The photos look fine on all my devices.  Anyone else can't see them correctly?


----------



## Bob in Albany N.Y. (Sep 28, 2015)

The photos came in fine this time. Some type of computer glitch? Those guys look pretty good to me.


----------



## Justin (Sep 28, 2015)

they are both looking good to me. so you lost some of the druryi--the ones that made it look very healthy. keep up the good work.


----------



## SlipperFan (Sep 28, 2015)

Great looking plants!


----------



## troy (Sep 28, 2015)

It shows up on my screen as little white boxes


----------



## orchidman77 (Sep 28, 2015)

They look great! So sorry to hear about your druryi seedlings dying - I am about 2 weeks into my first paph deflasking adventure and I think most of mine are looking good! Hope mine looks as happy as yours do a year from now.

David


----------



## abax (Sep 29, 2015)

The Viet. look wonderful and I love the leaves. I've found druryi to be a slow grower in my greenhouse. I lost a couple of two growth plants and I have no idea why. They both looked very good and then they died. Druid Spring does much better for me. It appears to me
that you're doing quite well.


----------



## Hamlet (Oct 2, 2015)

Thanks for the comments!



troy said:


> It shows up on my screen as little white boxes



Maybe I'll use another host next time. I don't know why the photos don't show for some.



orchidman77 said:


> They look great! So sorry to hear about your druryi seedlings dying - I am about 2 weeks into my first paph deflasking adventure and I think most of mine are looking good! Hope mine looks as happy as yours do a year from now.
> 
> David



Good luck with yours! It's great to see the little seedlings grow.



abax said:


> The Viet. look wonderful and I love the leaves. I've found druryi to be a slow grower in my greenhouse. I lost a couple of two growth plants and I have no idea why. They both looked very good and then they died. Druid Spring does much better for me. It appears to me
> that you're doing quite well.



Sorry to hear about your druyis dying. Same was with my dead seedlings, they looked great and healthy, they grew very fast and then died just as quickly.

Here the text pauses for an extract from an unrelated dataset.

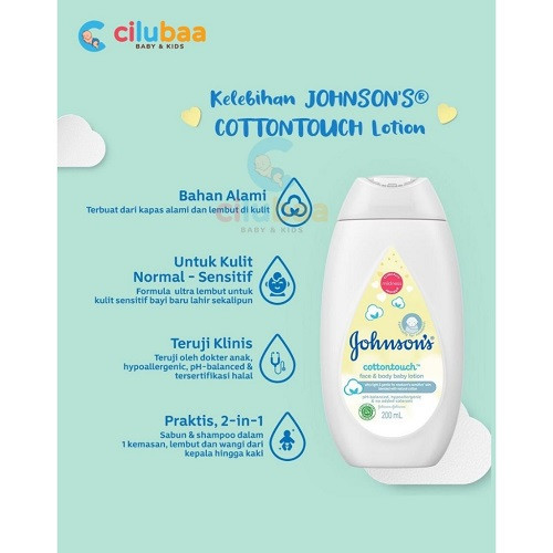d. Johnson's cotton touch face & body baby merupakan lotion bertekstur sangat ringan dan lembut untuk kulit bayi baru lahir yang sensitif (jika dibandingkan dengan kulit orang dewasa). Lotion bertekstur sangat ringan dan lembut untuk kulit bayi baru lahir yang sensitif.

I found a pic of how they looked shortly before dying:






The centre leave turned a very bright yellow. Maybe not enough nutrients. I fertilize more now (150 - 250 μS) and the seedlings don't seem to mind.


----------



## Happypaphy7 (Oct 2, 2015)

Given the very limited information in culture, ( and even if the culture info was given), who knows but can only speculate regarding the decline & death of some seedlings while others are doing just fine. 

You still have a lot of them and hopefully they will grow to maturity. 
I'm not too fond of druyi other than that they tend to grow upright taking less space. I believe they benefit from a lot of strong light and warmth coming from open low land, sort of like exul. 

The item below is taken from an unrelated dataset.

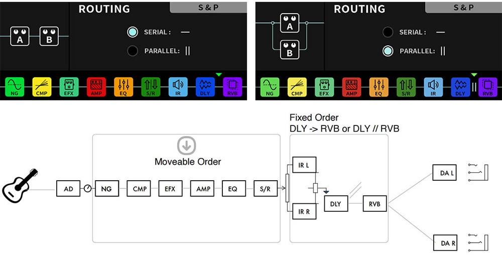 - NG, EFX, AMP, I.R., EQ, S/R; DLY, RVB effect blocks with free/parallel routing order.

Vietnamese seedlings look beautiful! 
I love their leaves.

Depending on how big they were in the flask, I'd say they look great for 13 months out of flask.


----------



## calypso (Oct 2, 2015)

seems really ok, congratulations


----------



## NYEric (Oct 2, 2015)

Bob in Albany said:


> The photos came in fine this time. Some type of computer glitch? .


Yes, run a scan.

Good luck w/ sdlgs.


----------



## Migrant13 (Oct 2, 2015)

I think your doing a fine job as the seedlings look great.


----------